Provided records –
== == ==
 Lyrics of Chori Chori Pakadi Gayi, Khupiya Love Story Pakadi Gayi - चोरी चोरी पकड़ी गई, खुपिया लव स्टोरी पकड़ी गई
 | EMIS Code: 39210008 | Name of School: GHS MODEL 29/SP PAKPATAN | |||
== == ==
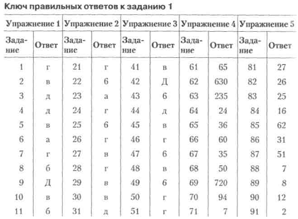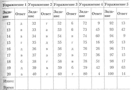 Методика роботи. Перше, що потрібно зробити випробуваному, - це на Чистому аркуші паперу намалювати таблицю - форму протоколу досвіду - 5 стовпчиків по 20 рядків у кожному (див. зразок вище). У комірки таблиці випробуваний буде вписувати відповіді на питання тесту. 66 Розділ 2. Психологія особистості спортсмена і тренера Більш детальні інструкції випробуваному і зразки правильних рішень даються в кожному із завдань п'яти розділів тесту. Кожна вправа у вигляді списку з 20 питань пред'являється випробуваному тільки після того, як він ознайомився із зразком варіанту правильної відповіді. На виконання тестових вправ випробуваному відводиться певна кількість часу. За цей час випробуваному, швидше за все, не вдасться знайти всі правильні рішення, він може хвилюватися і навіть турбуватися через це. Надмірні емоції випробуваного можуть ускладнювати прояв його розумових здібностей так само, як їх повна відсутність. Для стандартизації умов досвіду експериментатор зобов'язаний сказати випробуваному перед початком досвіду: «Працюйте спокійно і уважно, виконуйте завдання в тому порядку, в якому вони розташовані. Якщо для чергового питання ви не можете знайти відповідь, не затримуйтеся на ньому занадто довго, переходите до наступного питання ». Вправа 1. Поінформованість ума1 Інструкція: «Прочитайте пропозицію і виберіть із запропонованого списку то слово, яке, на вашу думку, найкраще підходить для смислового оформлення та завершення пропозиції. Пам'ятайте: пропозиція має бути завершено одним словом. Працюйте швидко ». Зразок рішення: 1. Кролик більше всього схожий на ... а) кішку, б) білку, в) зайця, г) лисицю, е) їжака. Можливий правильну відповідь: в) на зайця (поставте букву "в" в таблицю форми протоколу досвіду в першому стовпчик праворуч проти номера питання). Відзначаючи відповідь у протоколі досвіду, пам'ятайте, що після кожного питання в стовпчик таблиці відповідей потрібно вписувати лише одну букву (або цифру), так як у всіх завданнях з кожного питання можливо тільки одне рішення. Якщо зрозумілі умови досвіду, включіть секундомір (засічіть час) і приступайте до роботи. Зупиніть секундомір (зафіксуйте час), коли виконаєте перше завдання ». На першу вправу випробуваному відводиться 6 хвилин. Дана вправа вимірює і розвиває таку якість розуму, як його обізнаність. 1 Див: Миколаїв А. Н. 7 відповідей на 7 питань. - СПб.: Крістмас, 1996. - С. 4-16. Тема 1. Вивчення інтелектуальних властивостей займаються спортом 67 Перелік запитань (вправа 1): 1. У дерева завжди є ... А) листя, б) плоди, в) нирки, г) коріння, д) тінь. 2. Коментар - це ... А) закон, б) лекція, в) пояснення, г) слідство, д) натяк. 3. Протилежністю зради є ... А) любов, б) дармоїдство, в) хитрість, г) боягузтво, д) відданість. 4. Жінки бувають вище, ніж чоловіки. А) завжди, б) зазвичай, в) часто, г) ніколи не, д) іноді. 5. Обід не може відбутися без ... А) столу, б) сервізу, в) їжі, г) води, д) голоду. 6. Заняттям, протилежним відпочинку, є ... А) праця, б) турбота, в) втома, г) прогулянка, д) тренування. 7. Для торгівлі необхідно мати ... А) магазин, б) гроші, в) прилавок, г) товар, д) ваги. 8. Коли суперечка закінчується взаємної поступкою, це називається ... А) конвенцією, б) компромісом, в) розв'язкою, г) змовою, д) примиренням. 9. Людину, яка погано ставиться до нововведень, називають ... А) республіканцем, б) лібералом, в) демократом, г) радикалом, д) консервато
== == ==
Task details –
Return exactly the lines above from the line that has "Lyrics of Chori" through the line that has "PAKPATAN | |||", inclusive, and nothing else.

Result of this exercise –
 Lyrics of Chori Chori Pakadi Gayi, Khupiya Love Story Pakadi Gayi - चोरी चोरी पकड़ी गई, खुपिया लव स्टोरी पकड़ी गई
 | EMIS Code: 39210008 | Name of School: GHS MODEL 29/SP PAKPATAN | |||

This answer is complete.